New Full Text Index is Based on Lucene

The current SVN trunk version of eXist features a new full text indexing module which could be the foundation for a faster, better configurable and feature rich alternative to eXist's builtin full text index. The new search facility in AtomicWiki (check the Quick Search box to the right) is based on it, so you can immediately see the index in action by executing a search here.

Read article ...

Eclipse Plugin for eXist

Eclipse is one of the most popular development platforms. Because of that we were looking for a way to access the eXist database directly from Eclipse in a convenient way. The result of our thoughts is the eXist Eclipse Plugin.

Read article ...

eXist 1.2.4 Released

Besides fixing critical bugs in the storage backend, the 1.2.4 release mainly improves the memory consumption of queries on large document sets. Major changes include:

  • new node set implementation, which is much more memory efficient compared to previous approaches. The old implementation consumed a lot of memory when used with larger sets of documents. Obviously this had a negative effect on overall performance.
  • reduce memory consumption of documents constructed during a query: if you have a query which creates thousands of small XML fragments, each of those fragments used to have its own document context with its own name pool and various fields which may have never been needed.

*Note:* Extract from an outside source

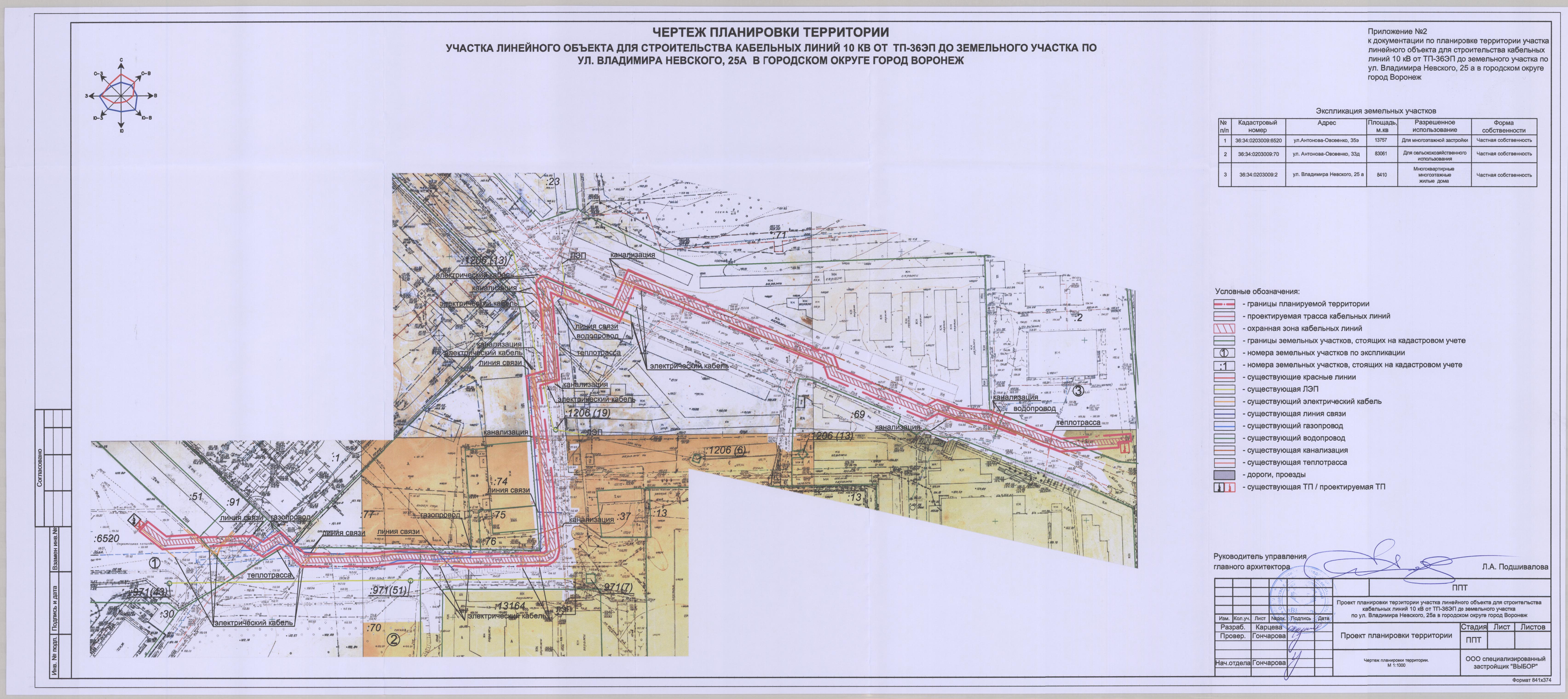 - - обеспечить размещение экспозиции демонстрационных материалов по проекту планировки территории и проекту межевания территории, подготовленным в составе документации по планировке территории участка линейного объекта для строительства кабельных линий 10 кВ от ТП-36ЭП до земельного участка по ул. Владимира Невского, 25а в городском округе город Воронеж, в зале Дома архитектора (394018, г. Воронеж, ул. Плехановская, 22) в соответствии с требованиями действующего законодательства, правовых актов городского округа город Воронеж по организации и проведению публичных слушаний;
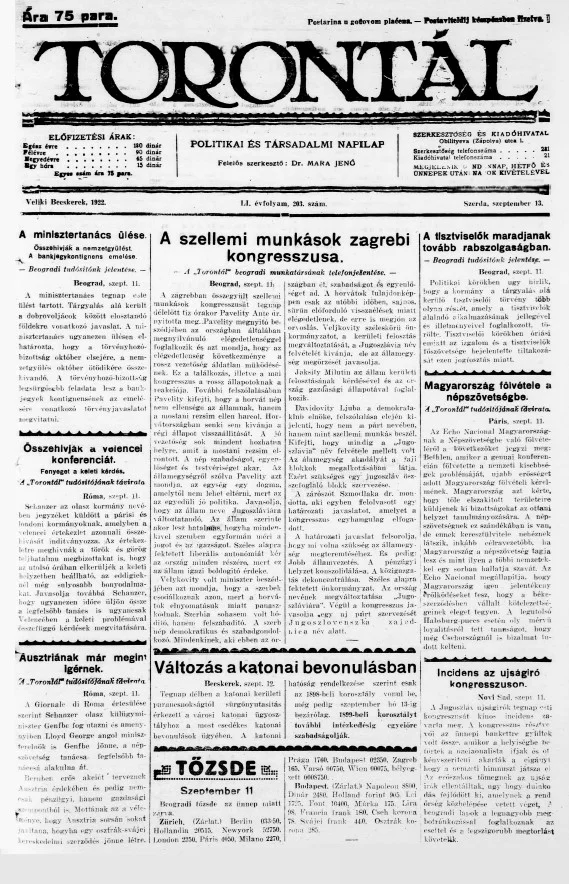 Torontál, 51. évf. 1922. szeptember 13. 203. sz.

Large parts of the document context are now shared between fragments and we make more use of lazy initialization, thus reducing the memory consumption of in-memory fragments dramatically (in my tests, I could save up to 100mb memory when creating a few thousand XML fragments in one query).
  • fixed fatal btree bugs leading to index corruptions (which usually caused an ArrayIndexOutOfBounds exception). The bugs were more likely to occur when indexing large string keys, but they may also have happened in other situations. The failure damaged the index and rendered the db unusable (though it could be repaired).
  • fixed concurrency issues leading to ArrayIndexOutOfBounds or NoSuchElement exception when querying for attributes
  • memory leak: we observed that the xerces XML parser builds some internal data structures when validating a document, which are unfortunately not properly cleared afterwards. This is a major problem since eXist pools the XML parser instances. To work around those issues, eXist will no longer pool XML parsers which were used on larger documents.
  • using full text and ngram indexes at the same time caused eXist to hang in an endless loop

The release is now available for download.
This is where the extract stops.